Best Battle System
Combat in the Tales series doesn't change greatly from iteration to iteration, but RPGamer sees no need to fix what isn't broken; we still consider them among the best action-RPG battle systems out there. Tales of Xillia, the latest series entry to grace Western shores, is no different. While the core of the system remains true to the series formula, the wheels and cogs that make it spin take the best elements from previous games, such as the CP system from Graces F and the Free Run system from Abyss. The result is battles that are faster than Symphonia, more engaging than Graces F, and smoother than Vesperia.
Other additions make Xillia's combat system even more interesting, the most notable of which is the introduction of the link system. By joining up with another character, players can surround and focus attacks on a single target, and even combine skills into new, more powerful ones. Every character also has a special ability that only triggers when linked — one character might steal items from enemies if they were knocked over first, while another might pick his partner up off the ground if they were knocked over themselves. Amazingly, combat never feels overcomplicated, despite all the mechanics at play. For these reasons, Tales of Xillia is RPGamer's best battle system of 2013.
In a way, all Fire Emblem: Awakening does is use the combat engine seen in the dozen earlier games of the series with a little refinement.

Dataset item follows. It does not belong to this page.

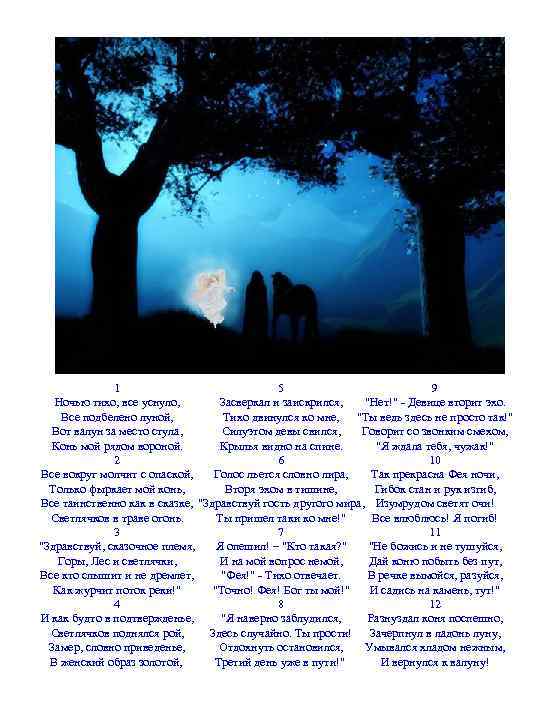 Ночная фея (Сказка) 9 1 5 "Нет!" - Девице вторит эхо. Ночью тихо, все уснуло, Засверкал и заискрился, Все подбелено луной, Тихо двинулся ко мне, "Ты ведь здесь не просто так!" Говорит со звонким смехом, Вот валун за место стула, Силуэтом девы свился, "Я ждала тебя, чужак!" Конь мой рядом вороной. Крылья видно на спине. 10 2 6 Так прекрасна Фея ночи, Все вокруг молчит с опаской, Голос льется словно лира, Гибок стан и рук изгиб, Только фыркает мой конь, Вторя эхом в тишине, Все таинственно как в сказке, "Здравствуй гость другого мира, Изумрудом светят очи! Все влюблюсь! Я погиб! Светлячков в траве огонь. Ты пришел таки ко мне!" 11 3 7 "Не божись и не тушуйся, "Здравствуй, сказочное племя, Я опешил! – "Кто такая? " Дай коню побыть без пут, Горы, Лес и светлячки, И на мой вопрос немой, В речке вымойся, разуйся, Все кто слышит и не дремлет, "Фея!" - Тихо отвечает. И садись на камень, тут!" Как журчит поток реки!" "Точно! Фея! Бог ты мой!" 12 4 8 Разнуздал коня поспешно, И как будто в подтвержденье, "Я наверно заблудился, Светлячков поднялся рой, Здесь случайно. Ты прости! Зачерпнул в ладонь луну, Умывался хладом нежным, Замер, словно приведенье, Отдохнуть остановился, И вернулся к валуну! В женский образ золотой, Третий день уже в пути!"

The weapon triangle, critical attacks, breakable armaments, and support benefits from being next to other characters has all been seen before, along with the speed at which individual encounters progress. What Awakening adds to the mix is a level of user-friendliness not seen in the series before, and a cinematic feel to the combat animations that makes it more exciting to see them play out.
Having neighboring characters actively participate in the engagements instead of just lending extra stat bonuses makes a big difference in the way they play out as well as the way we view them. The speed with which events occur is intact, and all the intricacies of weapon relationships have stayed the same, but Intelligent Systems polished everything to minimize confusion and the time expended on menu details. The developer was facing the possibility of this being the end of the series, and responded by putting everything it could into the mix. The result appealed to veterans and newcomers to the Fire Emblem series alike.
The Ys series is known for its quality action combat system, and Ys: Memories of Celceta does not disappoint in that area. Like Ys Seven, Celceta allows the player to switch freely between three party members in combat, and the game does a great job of making each character's weapon feel unique.
The game does an impressive job keeping combat fast and furious while also elegantly complex. Regular, special, and ultimate attacks build up into each other, creating a nice rhythm. At the same time, defensive moves are vitally important, and pulling them off properly gives the player an advantage in battle. With a brisk hack 'n' slash world and a selection of excellent boss fights, Memories of Celceta's excellent monster-fighting fun was one of our favorites this year.